We are in a Golden Age, by any measure, us, who reside in NSW in the first decade of the 21st century. Agree?
However, it seems that I hear nothing but negativity from a diverse range of people – the media, educationalists, parents, my Mum and Dad – anyone would think that comparative to past eras:
- educational standards are declining
- children are not safe in the community
- crime is rampant
- the internet is extremely dangerous rather than a panacea
- that opportunity has decreased
Of course, anyone reading the stats of child neglect and abuse will be shocked to see that our youngest are mostly at risk in their own homes from loved ones. We have unnaccceptable conditions for Aboriginal Australians and a host of other issues but this is, fortunately, quantifiably better than in the past. The community is now aware where once there was silence, now we know. Or, are most not cognisant of this and how it can change perception.
When Lucy, my 5 year old daughter, was born Mum was of course joyous – but a shadow appeared when she said, ‘it is a shame the world is what it is nowadays’. What did she mean?

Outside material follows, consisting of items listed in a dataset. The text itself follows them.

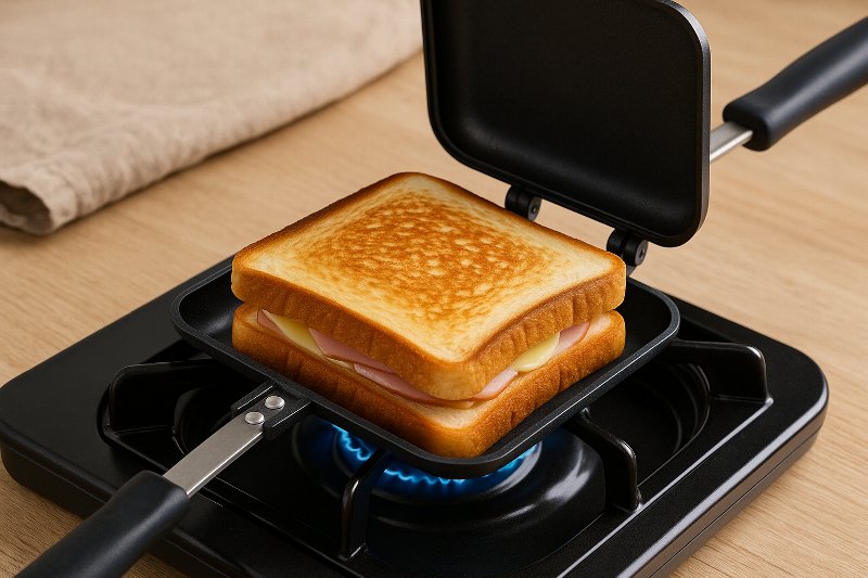 使用者の多くが、パンの焼き色がとても均一でおいしそうに仕上がると感じています。ガス火専用の設計による優れた熱伝導性が、パン全体をムラなく加熱してくれます。見た目も味もワンランク上のホットサンドが楽しめるのは、大きな魅力です。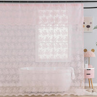 Q: What type of fabric is the shower curtain made from?A: The shower curtain is crafted from premium lace fabric that is lightweight and breathable, providing a classic vintage look.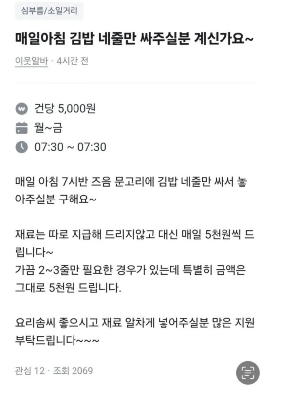 당근마켓에 올라온 건당 5천원짜리 알바 수준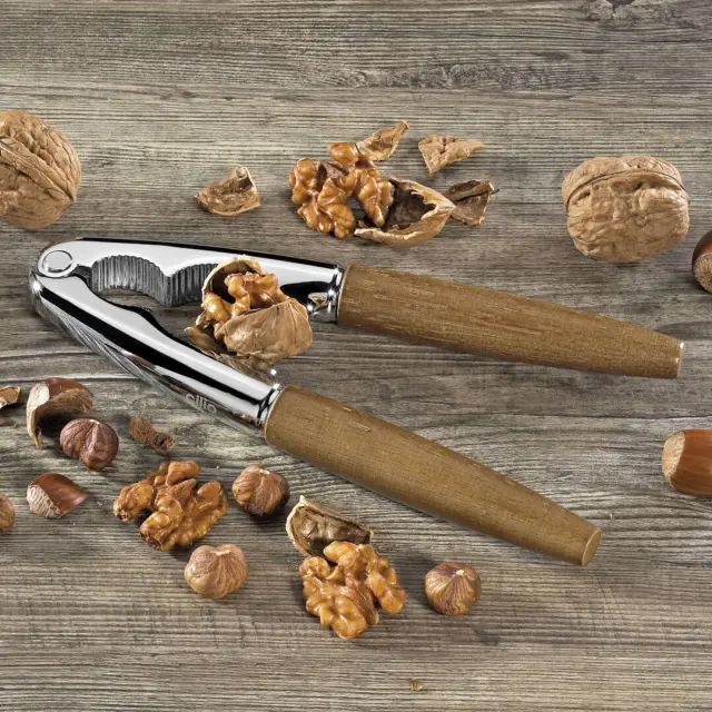 Klešče za trenje orehov Noci so izdelane iz nerjavečega jekla odpornega proti koroziji in iz lesenih ročajev, ki nudijo prijeten in naraven občutek v roki, medtem ko notranji grebeni zagotavljajo odličen oprijem za varno in učinkovito trenje orehov. Sistem z vzvodom omogoča, da za trenje oreščkov porabite minimalno silo, zato je idealen za dolgotrajno uporabo brez utrujenosti. Klešče so dovolj zmogljive, da se spopadejo tudi z najtršimi orehi, hkrati pa zagotavljajo udobno uporabo. Klešče so zanesljiv in eleganten pripomoček za vašo kuhinjo. Njihov ergonomski dizajn in vzdržljivost je nepogrešljiva za vse ljubitelje oreščkov.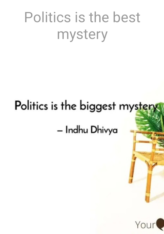 Our country is a democratic country, each citizen had rights to participate in election after completing 18 years of age...but now the politics turned into business. Our country falls down in our economic status and everything ...In my story we are going to the see the girl who shows her interest towards the politics...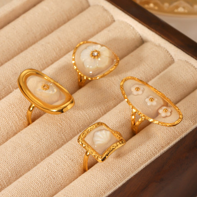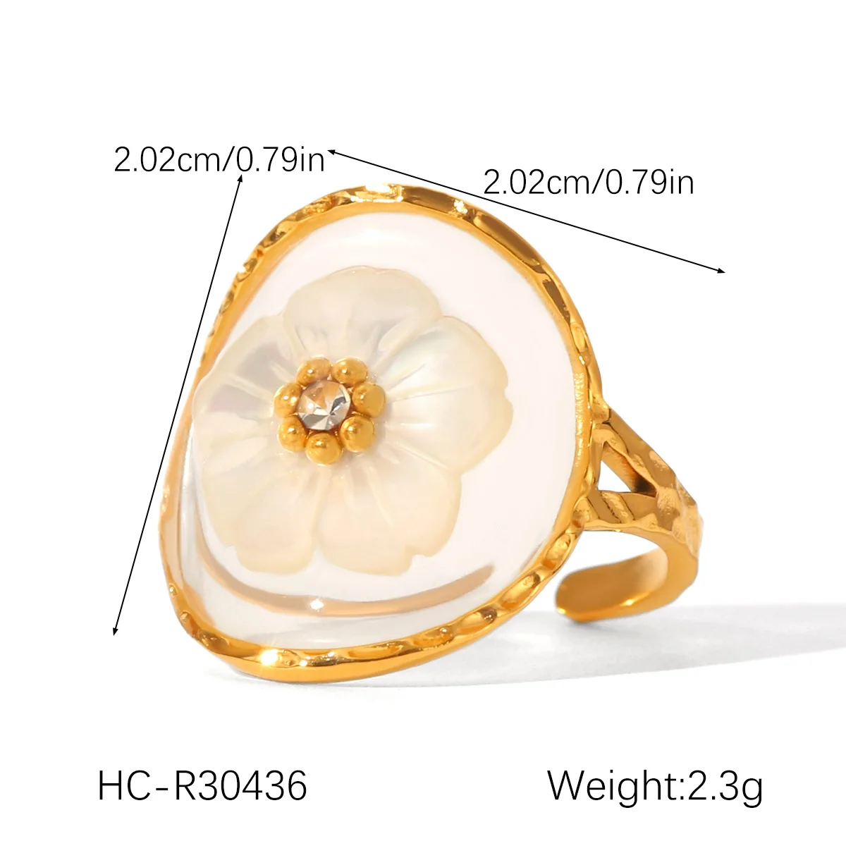Huangchao شل الزهور خواتم مفتوحة للنساء، الفولاذ المقاوم للصدأ مطلي 18K خاتم الذهب الأزياء والمجوهرات والاكسسوارات هدية
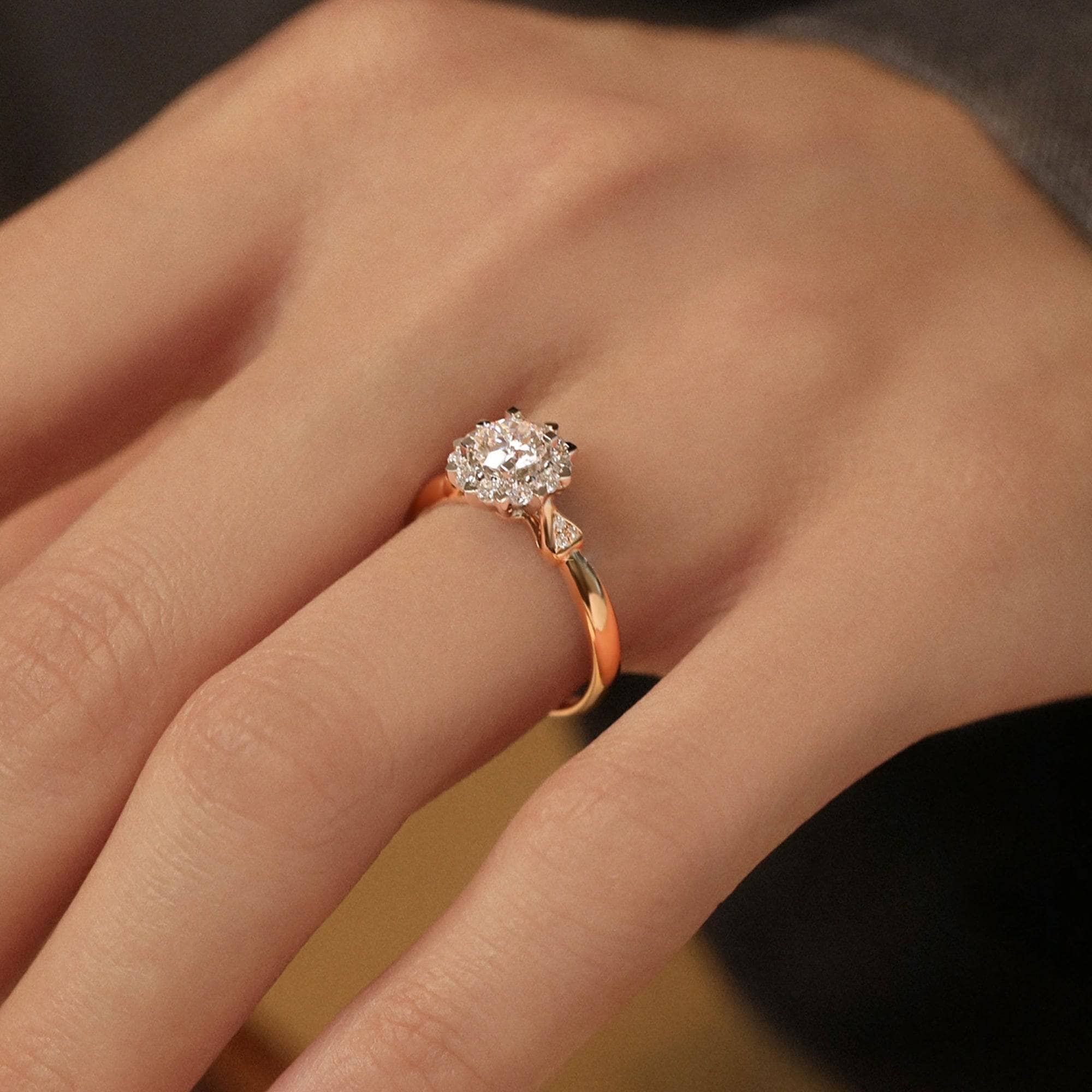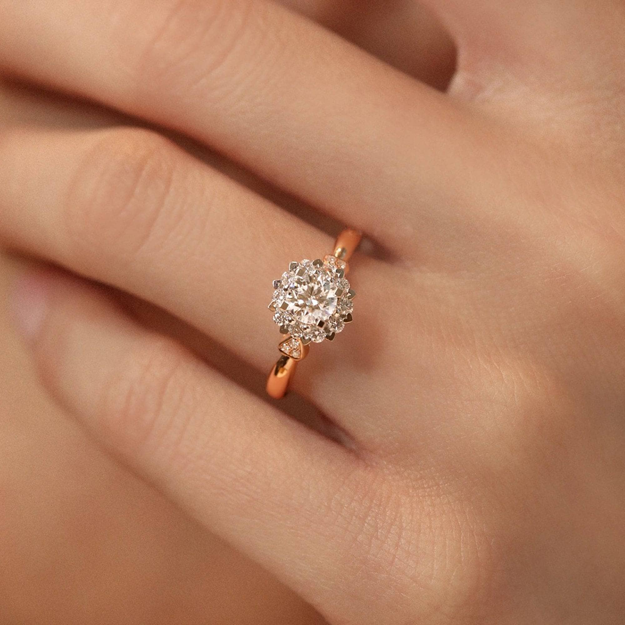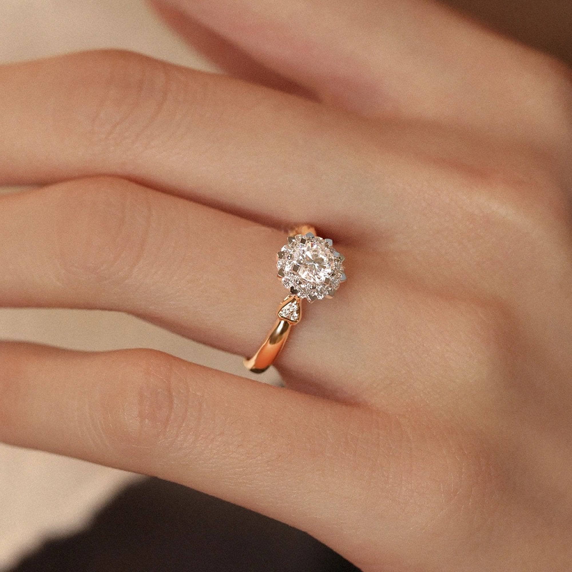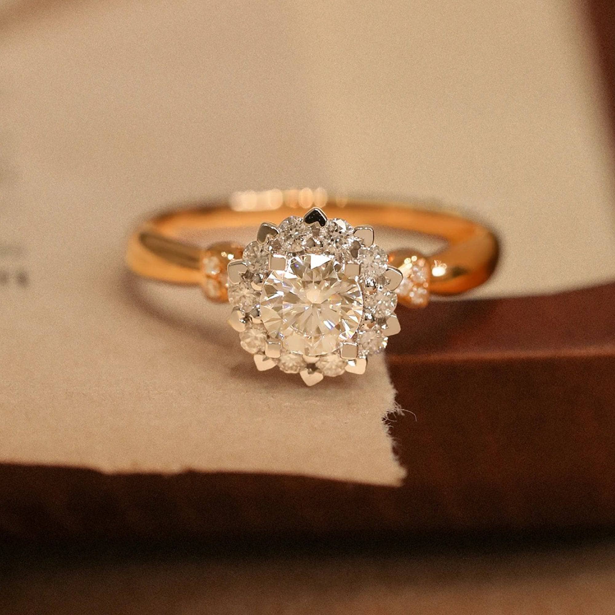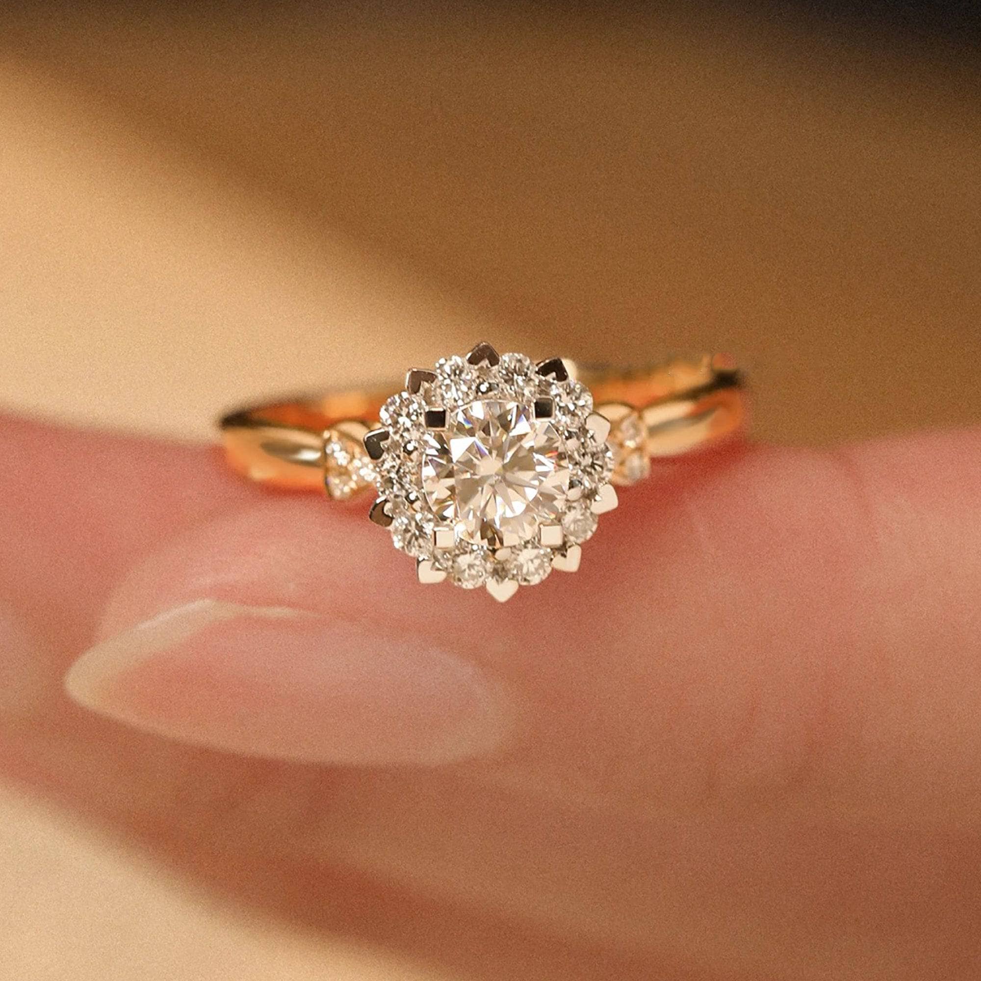 18k Art Deco Round Cut Certified Moissanite Halo Engagement Ring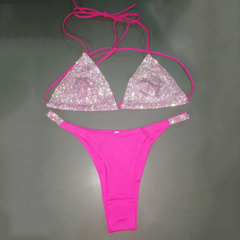 Luxury Bling Rhinestone Bikini Sliver Set 2020 New Crystal Diamond Sexy Women Swimsuit Halter Push Up Bandage Swimwear Bikini Set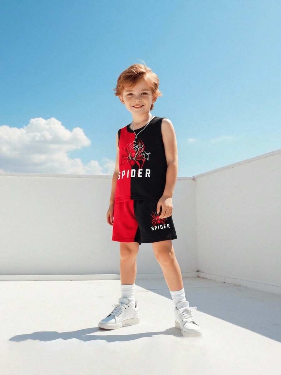 2 件套幼儿男童时尚休闲户外运动蜘蛛图案圆领无袖 T 恤和短裤套装,夏季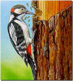 le bec légèrement entrouvert, il frappe à coups redoublés dans le tronc et en extrait de larges copeaux qu'il laisse tomber à terre. Le bruit occasionné par ce travail n'a rien à voir avec le "tambourinage" que nous évoquions tout à l'heure : il s'agit cette fois de coups laborieux, plus espacés et beaucoup moins sonores. |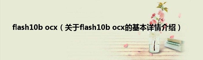 本文关于flash10b ocx的基本详情介绍就讲解完毕,希望对大家有所帮助。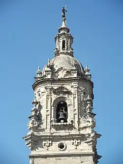In 1774 the construction of the present Belfry Tower was begun by Gabriel de Capelastegui, replacing an earlier structure. The tower has a quadrangular body that rises near the central roof. Above it is the belfry crowned by a dome and a lantern, and with auctions in the weathercock. It has a shining Baroque dieciochesco style, being one of the best examples of the whole Basque Country. The weathercock dates back to 1775, specifically it was made on 7 December 1775.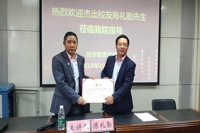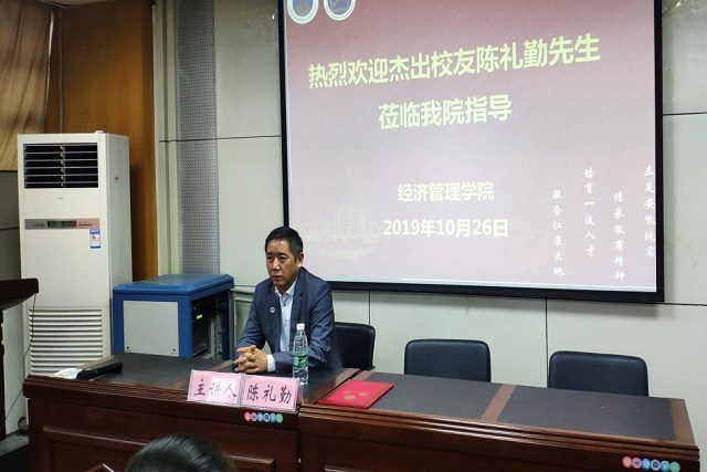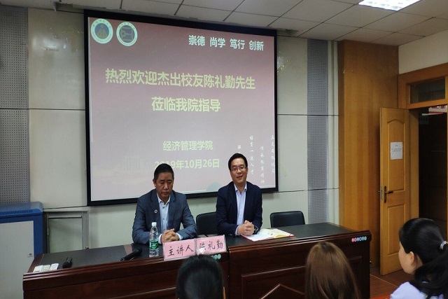 陈礼勤首先基于规模的变化和业务市场的开拓详细介绍了其公司的发展现状。其次,结合自己的创业经历与在场师生分享了创业原因。他表示创业是逆境中的选择,不安于现状,不甘于平庸是创业的初衷。最后,陈礼勤为老员工创业提出了三点建议:1、创业并非神秘,好的想法、吃苦耐劳的精神和核心竞争力尤为重要;2、管理并非复杂,常识是优秀管理者的必备品,高深的知识从常识中积累;3、坚持理论与实践相结合。
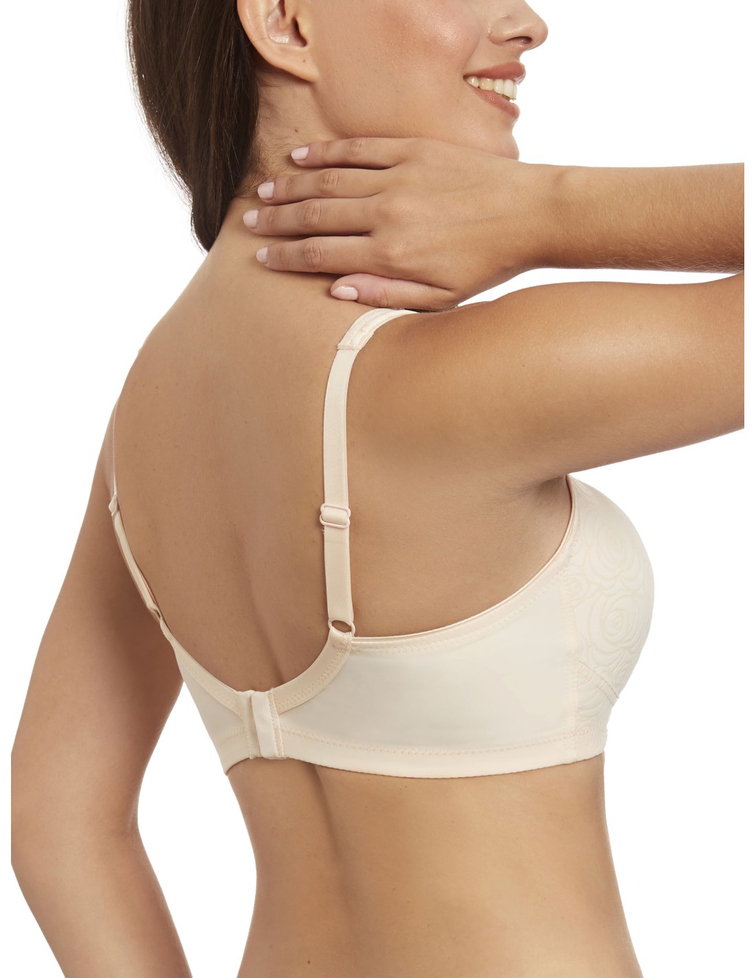 Sujetador sin aros y sin relleno. Fabricado con un elegante tejido estampado y un sutil escote en forma de V.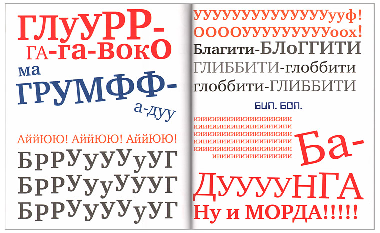 И так на протяжении всей книги. Внезапные «ГЛУРР-ГАГА-ВОКО!», «БИП-БОП» и «БУДУНГА!», за которыми следует взрыв смеха.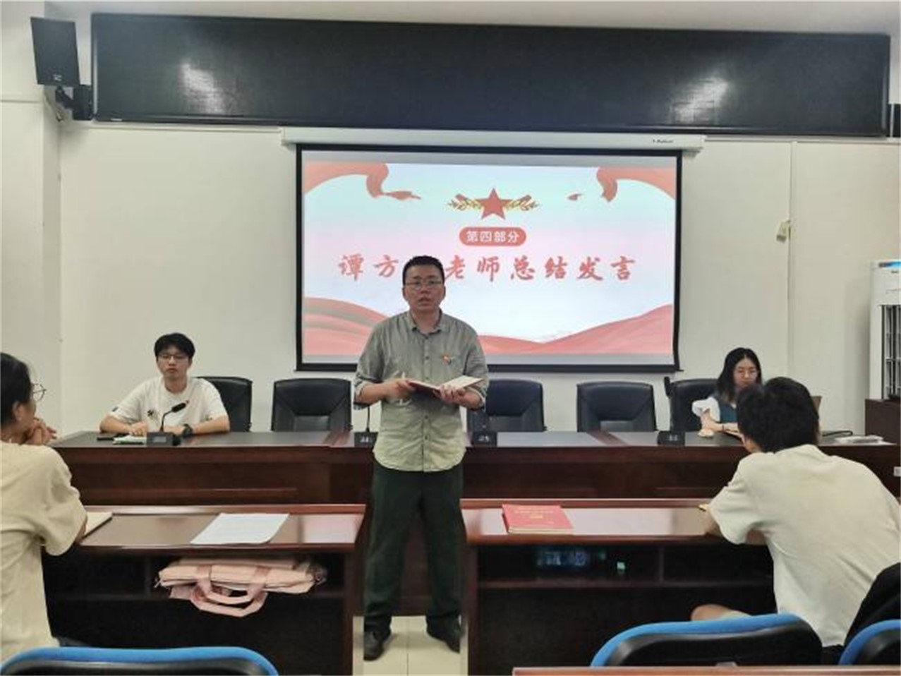 最后党建辅导员谭方林最后进行总结发言,他首先肯定了党支部成员的实践成果,同志们参加社会实践,既能锻炼实操能力,又能得到深入的精神洗礼,从而巩固信念、明确理想追求。他希望大家能够将继续保持与发扬支部的优良作风与传统,将实践经验转化为学习动力,不断自我提升,深化内在素质与能力的锻造,发挥党员的先锋模范作用。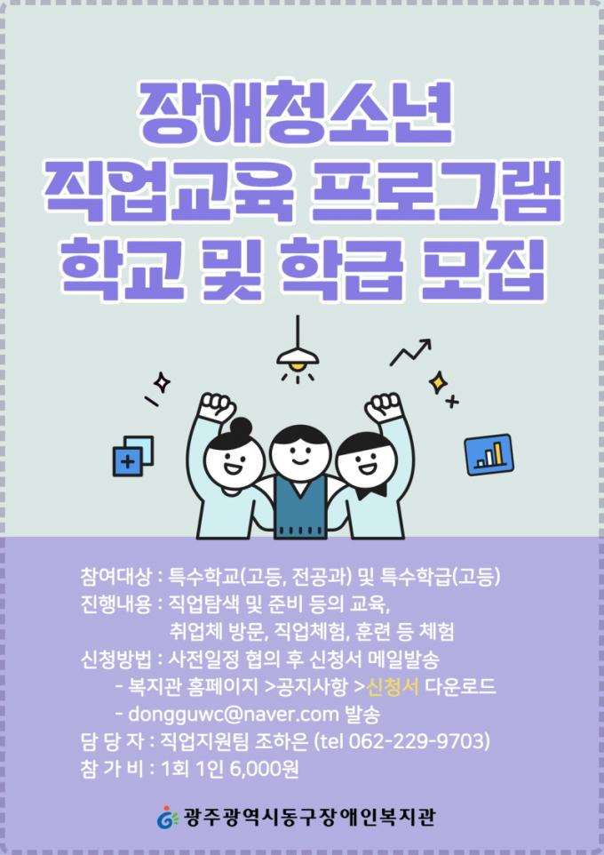[È£³²´º½º¶óÀÎ = ¼ÀºÈ« ±âÀÚ] ±¤ÁÖ±¤¿ª½Ãµ¿±¸Àå¾ÖÀκ¹Áö°ü(°üÀå Àå¼¼Á¾)Àº Áö³ 5ÀϺÎÅÍ Àå¾Öû¼Ò³âÀ» À§ÇÑ Á÷¾÷±³À° ÇÁ·Î±×·¥ÀÇ Âü¿© Çб³ ¹× ÇбÞÀ» ¸ðÁýÇϰí ÀÖ´Ù.

I (p)rattled off a list to support my contention that we live in a Golden Age the crown heads of Europe could only have dreamt of in centuries past – and that my daughter was blessed. Health and medicine, technology and opportunity all have developed for us in NSW in stellar fashion; even the least advantaged are better off. I thought, what opportunities did Mum, as a female have graduating with a Leaving Certificate compared to those Lucy will have?
I pointed out that Mum was born on 30th August 1939 and by the time she was 10, the world lived with the spectre of MAD after the horrors of 1945. We didn’t even discuss what was happening to the Jews in her early years of life but on reflection this, and the purges in the Soviet Union or the genocide in Cambodia didn’t impact on her life for one reason, because she didn’t know about them.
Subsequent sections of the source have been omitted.